- ABOUT THIS TASK -
Only the lines below from the one containing "Мужчина печенье укладывает тротуарную плитку" through the one containing "首周りにリブではなくボートネ" belong in the answer, set down exactly, with the pictures left out.

START DATASET EXCERPTS

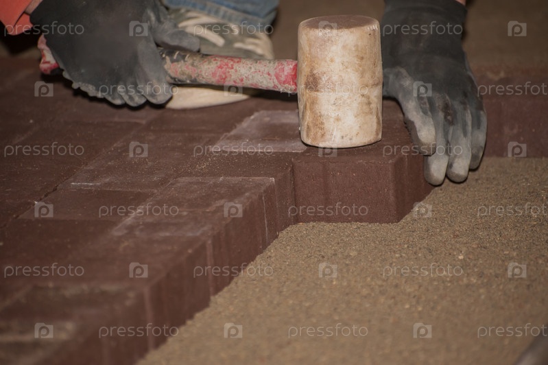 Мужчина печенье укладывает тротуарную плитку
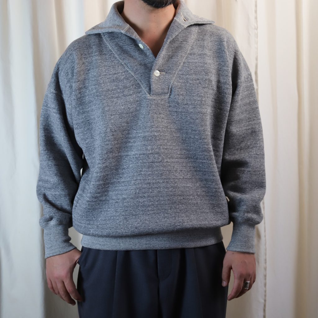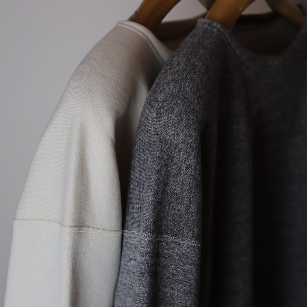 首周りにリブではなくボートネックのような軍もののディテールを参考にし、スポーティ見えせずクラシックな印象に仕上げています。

END DATASET EXCERPTS
START DATASET EXCERPTS

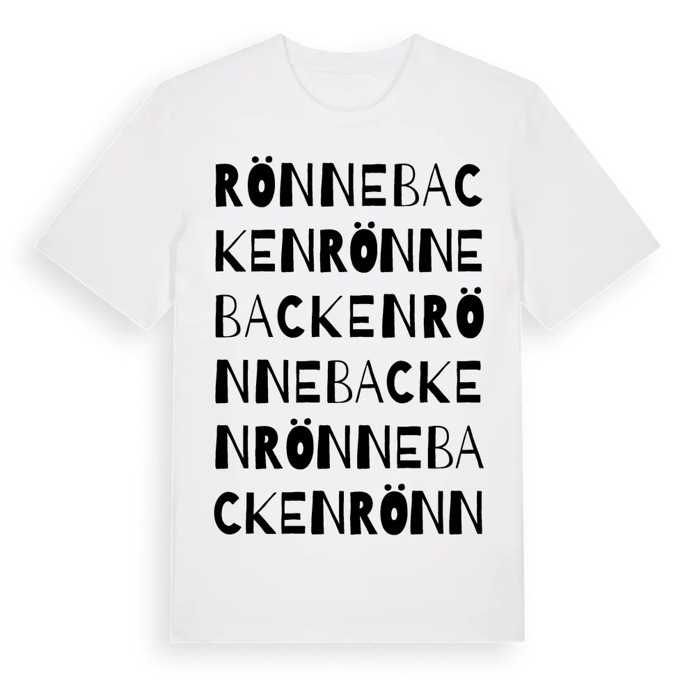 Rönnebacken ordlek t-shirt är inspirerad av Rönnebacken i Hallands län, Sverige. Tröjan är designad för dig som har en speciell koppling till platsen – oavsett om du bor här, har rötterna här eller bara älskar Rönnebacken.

END DATASET EXCERPTS
START DATASET EXCERPTS

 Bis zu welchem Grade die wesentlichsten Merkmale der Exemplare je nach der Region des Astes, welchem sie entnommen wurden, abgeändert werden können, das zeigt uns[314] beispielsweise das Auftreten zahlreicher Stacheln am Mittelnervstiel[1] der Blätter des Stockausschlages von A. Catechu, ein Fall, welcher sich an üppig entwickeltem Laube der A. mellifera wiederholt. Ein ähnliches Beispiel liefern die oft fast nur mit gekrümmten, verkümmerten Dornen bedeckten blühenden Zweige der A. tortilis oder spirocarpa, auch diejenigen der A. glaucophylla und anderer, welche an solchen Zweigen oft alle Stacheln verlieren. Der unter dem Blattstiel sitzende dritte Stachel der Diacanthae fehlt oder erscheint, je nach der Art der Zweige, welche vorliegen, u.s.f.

END DATASET EXCERPTS

- ANSWER TO THE PROBLEM -
 Мужчина печенье укладывает тротуарную плитку
 首周りにリブではなくボートネックのような軍もののディテールを参考にし、スポーティ見えせずクラシックな印象に仕上げています。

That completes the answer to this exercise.